- _What to work on_
Print each entry again exactly as written, and keep the pictures out.

[Start of section]

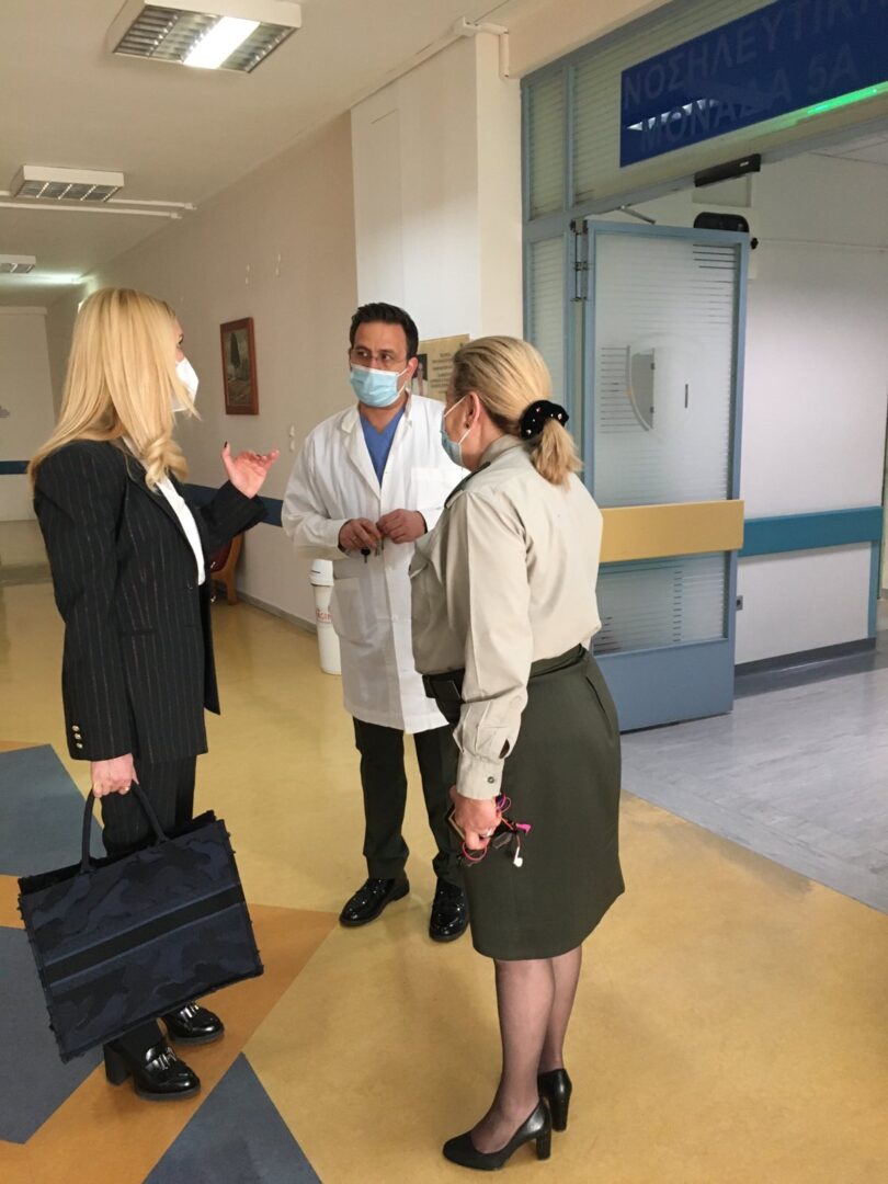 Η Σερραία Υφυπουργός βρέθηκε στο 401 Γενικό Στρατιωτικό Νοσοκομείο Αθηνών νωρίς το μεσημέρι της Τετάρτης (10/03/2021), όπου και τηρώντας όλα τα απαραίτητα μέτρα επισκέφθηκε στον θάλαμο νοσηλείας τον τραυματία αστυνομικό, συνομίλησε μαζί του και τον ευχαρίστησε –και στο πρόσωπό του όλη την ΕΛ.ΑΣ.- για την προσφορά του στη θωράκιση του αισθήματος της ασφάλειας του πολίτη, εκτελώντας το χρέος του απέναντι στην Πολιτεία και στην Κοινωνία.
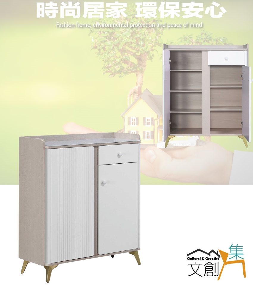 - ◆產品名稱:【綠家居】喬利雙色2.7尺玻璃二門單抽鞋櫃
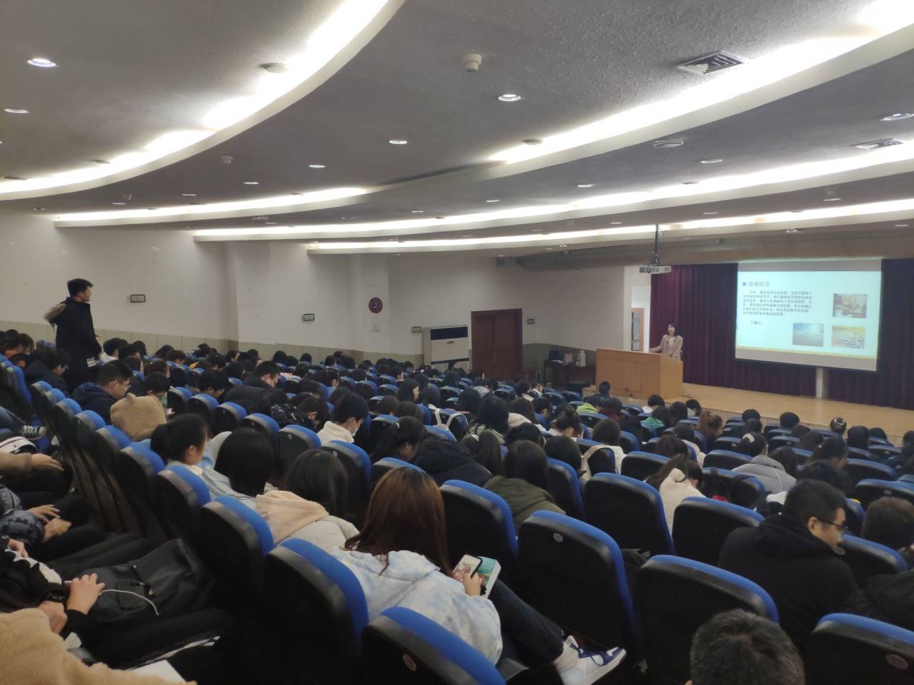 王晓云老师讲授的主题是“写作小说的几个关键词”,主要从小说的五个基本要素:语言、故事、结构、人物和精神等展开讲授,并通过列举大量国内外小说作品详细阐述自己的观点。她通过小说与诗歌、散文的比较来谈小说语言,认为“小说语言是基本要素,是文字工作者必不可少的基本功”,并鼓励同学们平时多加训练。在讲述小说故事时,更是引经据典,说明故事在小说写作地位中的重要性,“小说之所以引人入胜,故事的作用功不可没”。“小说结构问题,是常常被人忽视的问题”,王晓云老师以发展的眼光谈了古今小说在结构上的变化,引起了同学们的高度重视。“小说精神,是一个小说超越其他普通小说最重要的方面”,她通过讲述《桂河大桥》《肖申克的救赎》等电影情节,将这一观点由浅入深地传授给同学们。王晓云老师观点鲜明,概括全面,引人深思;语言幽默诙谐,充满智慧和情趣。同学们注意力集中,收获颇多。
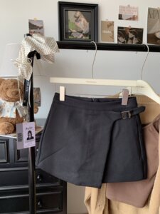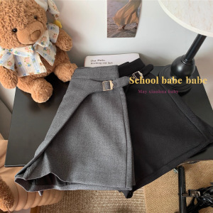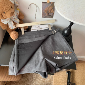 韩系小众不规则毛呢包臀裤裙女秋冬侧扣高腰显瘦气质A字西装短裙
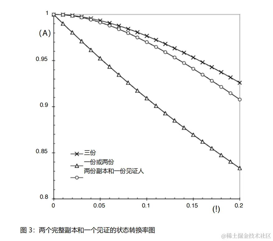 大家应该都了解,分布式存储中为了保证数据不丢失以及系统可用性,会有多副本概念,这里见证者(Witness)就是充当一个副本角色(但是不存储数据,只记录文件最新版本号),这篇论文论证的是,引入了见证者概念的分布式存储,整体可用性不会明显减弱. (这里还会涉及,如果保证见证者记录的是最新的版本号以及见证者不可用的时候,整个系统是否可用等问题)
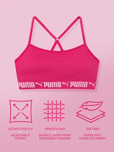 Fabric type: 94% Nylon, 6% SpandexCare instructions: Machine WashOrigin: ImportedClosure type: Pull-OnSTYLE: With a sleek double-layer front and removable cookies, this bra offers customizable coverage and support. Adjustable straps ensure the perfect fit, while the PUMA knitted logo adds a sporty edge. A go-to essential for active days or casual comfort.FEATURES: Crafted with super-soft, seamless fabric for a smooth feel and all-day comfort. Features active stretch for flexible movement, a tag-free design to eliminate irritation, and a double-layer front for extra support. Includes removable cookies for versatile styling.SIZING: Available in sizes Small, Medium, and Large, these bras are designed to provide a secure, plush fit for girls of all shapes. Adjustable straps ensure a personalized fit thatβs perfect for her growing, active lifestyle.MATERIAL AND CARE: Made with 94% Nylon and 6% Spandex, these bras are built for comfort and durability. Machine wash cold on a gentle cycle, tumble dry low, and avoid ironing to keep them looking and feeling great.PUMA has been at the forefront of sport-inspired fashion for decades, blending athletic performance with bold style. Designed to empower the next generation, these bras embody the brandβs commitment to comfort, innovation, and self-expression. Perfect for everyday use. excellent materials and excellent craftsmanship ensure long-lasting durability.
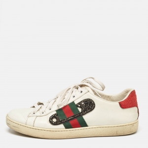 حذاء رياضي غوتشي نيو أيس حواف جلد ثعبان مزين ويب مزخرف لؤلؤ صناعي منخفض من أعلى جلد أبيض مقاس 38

[End of section]

- _Output below_
 Η Σερραία Υφυπουργός βρέθηκε στο 401 Γενικό Στρατιωτικό Νοσοκομείο Αθηνών νωρίς το μεσημέρι της Τετάρτης (10/03/2021), όπου και τηρώντας όλα τα απαραίτητα μέτρα επισκέφθηκε στον θάλαμο νοσηλείας τον τραυματία αστυνομικό, συνομίλησε μαζί του και τον ευχαρίστησε –και στο πρόσωπό του όλη την ΕΛ.ΑΣ.- για την προσφορά του στη θωράκιση του αισθήματος της ασφάλειας του πολίτη, εκτελώντας το χρέος του απέναντι στην Πολιτεία και στην Κοινωνία.
 - ◆產品名稱:【綠家居】喬利雙色2.7尺玻璃二門單抽鞋櫃
 王晓云老师讲授的主题是“写作小说的几个关键词”,主要从小说的五个基本要素:语言、故事、结构、人物和精神等展开讲授,并通过列举大量国内外小说作品详细阐述自己的观点。她通过小说与诗歌、散文的比较来谈小说语言,认为“小说语言是基本要素,是文字工作者必不可少的基本功”,并鼓励同学们平时多加训练。在讲述小说故事时,更是引经据典,说明故事在小说写作地位中的重要性,“小说之所以引人入胜,故事的作用功不可没”。“小说结构问题,是常常被人忽视的问题”,王晓云老师以发展的眼光谈了古今小说在结构上的变化,引起了同学们的高度重视。“小说精神,是一个小说超越其他普通小说最重要的方面”,她通过讲述《桂河大桥》《肖申克的救赎》等电影情节,将这一观点由浅入深地传授给同学们。王晓云老师观点鲜明,概括全面,引人深思;语言幽默诙谐,充满智慧和情趣。同学们注意力集中,收获颇多。
 韩系小众不规则毛呢包臀裤裙女秋冬侧扣高腰显瘦气质A字西装短裙
 大家应该都了解,分布式存储中为了保证数据不丢失以及系统可用性,会有多副本概念,这里见证者(Witness)就是充当一个副本角色(但是不存储数据,只记录文件最新版本号),这篇论文论证的是,引入了见证者概念的分布式存储,整体可用性不会明显减弱. (这里还会涉及,如果保证见证者记录的是最新的版本号以及见证者不可用的时候,整个系统是否可用等问题)
 Fabric type: 94% Nylon, 6% SpandexCare instructions: Machine WashOrigin: ImportedClosure type: Pull-OnSTYLE: With a sleek double-layer front and removable cookies, this bra offers customizable coverage and support. Adjustable straps ensure the perfect fit, while the PUMA knitted logo adds a sporty edge. A go-to essential for active days or casual comfort.FEATURES: Crafted with super-soft, seamless fabric for a smooth feel and all-day comfort. Features active stretch for flexible movement, a tag-free design to eliminate irritation, and a double-layer front for extra support. Includes removable cookies for versatile styling.SIZING: Available in sizes Small, Medium, and Large, these bras are designed to provide a secure, plush fit for girls of all shapes. Adjustable straps ensure a personalized fit thatβs perfect for her growing, active lifestyle.MATERIAL AND CARE: Made with 94% Nylon and 6% Spandex, these bras are built for comfort and durability. Machine wash cold on a gentle cycle, tumble dry low, and avoid ironing to keep them looking and feeling great.PUMA has been at the forefront of sport-inspired fashion for decades, blending athletic performance with bold style. Designed to empower the next generation, these bras embody the brandβs commitment to comfort, innovation, and self-expression. Perfect for everyday use. excellent materials and excellent craftsmanship ensure long-lasting durability.
 حذاء رياضي غوتشي نيو أيس حواف جلد ثعبان مزين ويب مزخرف لؤلؤ صناعي منخفض من أعلى جلد أبيض مقاس 38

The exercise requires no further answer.